The reason the ICI's report is misleading, he says, is because it claims to show that expenses incurred for portfolio management are roughly the same in mutual funds and pension funds by comparing the portfolio management fees of pension plans and the subadvisory fees incurred by mutual funds that are subadvised.
The ICI claims in its report that such a comparison is the only fair way to evaluate management expenses because a mutual fund's own management fee typically covers services that don't necessarily have to do with picking securities. That is not the case with the management fee of a pension fund.
A mutual fund subadviser, however, primarily provides security selection, trading and reporting services, the ICI report states.
But comparing mutual fund subadvisory fees with the cost of managing a pension fund proves next to nothing because most funds aren't subadvised, Mr. Weitz says.
If the ICI really wanted to compare management expenses, it should have gone to the trouble of pulling those expenses out of the management fees charged by mutual funds rather than saying it was too difficult because those fees include other expenses, he says.
"This just strikes me as more of the type of foot-dragging they typically engage in and have engaged in forever on issues of importance," Mr. Weitz says of the ICI.
Several fund industry critics note that the ICI's position on this topic is similar to its position with regard to fund expenses. The institute has repeatedly said fund expenses are coming down, a position that at times has clashed with the findings of others in the industry.
Setting the record straight
Of course, the ICI has its defenders.
They say the ICI report comparing pension plan and mutual fund expenses is a good attempt to set the record straight by addressing the problems of the 2001 study, written by Mr. Freeman and Stewart Brown, a finance professor at Florida State University.
"I think the comparison [the ICI] is making is a good one," says Laura Van Zandt, director of mutual fund distribution research at Financial Research Corp. in Boston.
She says she believes a legitimate problem that arises when you compare mutual fund and pension expenses is that a mutual fund's management fee can include much more than the cost of actually picking securities. Using subadvisory fees gets around that, she says.

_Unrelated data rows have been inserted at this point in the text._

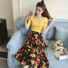 春季新款韩版短袖t恤中长款连衣裙套装女不规则碎花半身裙两件套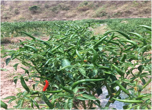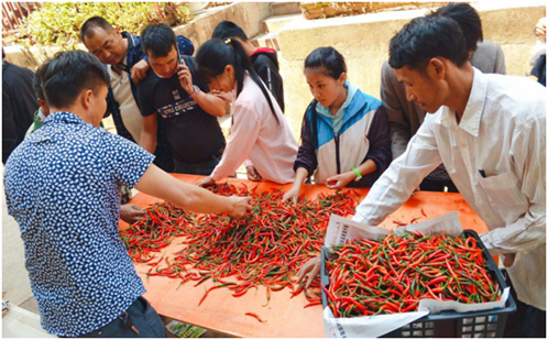 在政府牵头,企业帮带,合作社种植的有效组织下,群众在自家地里也能种出“摇钱树”。通过创新“公司+基地+合作社+农户”和“好品种+订单”生产经营模式,辣椒产业覆盖全镇6个村32个小组,种植规模不断扩大,形成“百花齐放”新局面,形成了村集体、合作社、农户三方利益联结机制。2月份以来,670亩泰国反季油辣椒大量成熟上市,亩产160千克,订单收购价格平均7元/kg左右,预计今年辣椒收入60万元,小辣椒带动了大增收,成为激活村级集体经济“一池春水”。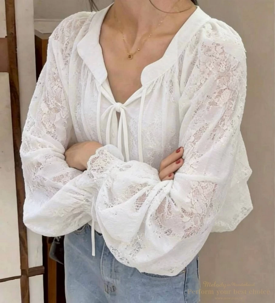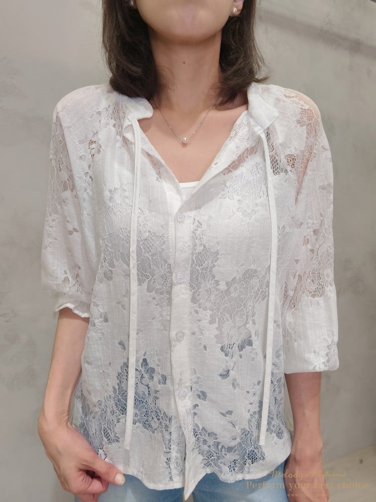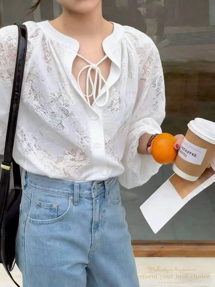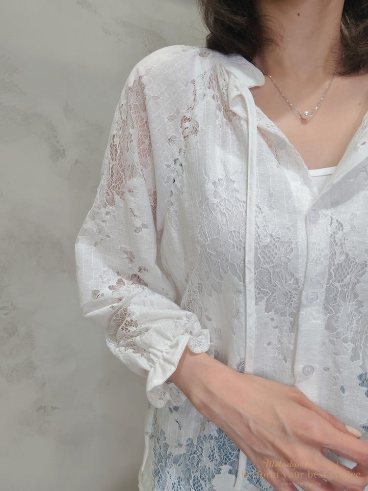 2603-002 復古直紋蕾絲襯衫上衣(2色)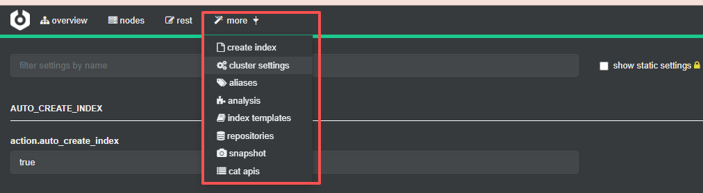 4.2更多功能:创建索引,集群设置,索引别名,索引模板,备份仓库,快照等信息。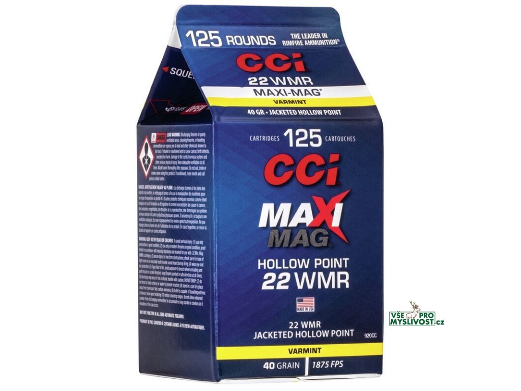 Náboj kulový CCI, MAXI-MAG,.22WMR, 40GR (2,6g), HP

Mr. Freeman, however, says he and Mr. Brown attempted to get at the real expense of picking securities, though he admits they did have trouble "deriving" the data.
But even if the 2001 study is flawed, Don Phillips, a managing director with Morningstar, says, he believes there is enough evidence to support its conclusion - namely, that pension plan expenses are lower than mutual fund expenses.
"There's ample evidence in the fund industry where the same manager will work for two different parties at very different fees," Mr. Phillips says.
One of the most widely cited examples is that of Alliance Capital Management LP in New York, which reportedly charged the Florida State Board of Administration's pension fund far less for the services of a large-cap manager, Alfred Harrison, than it did investors in the Alliance Premier Growth Fund Inc.
Mr. Weitz says he believes that such examples need to be discussed and debated. The ICI's new report on the issue, however, does nothing to further that debate, he says.
"This is a case where if they were really serious about reform, they might have done a little more careful analysis and acknowledged the fact more explicitly that there clearly are cases where mutual funds are overcharging for exactly the same services that they provide pensions," Mr. Weitz says.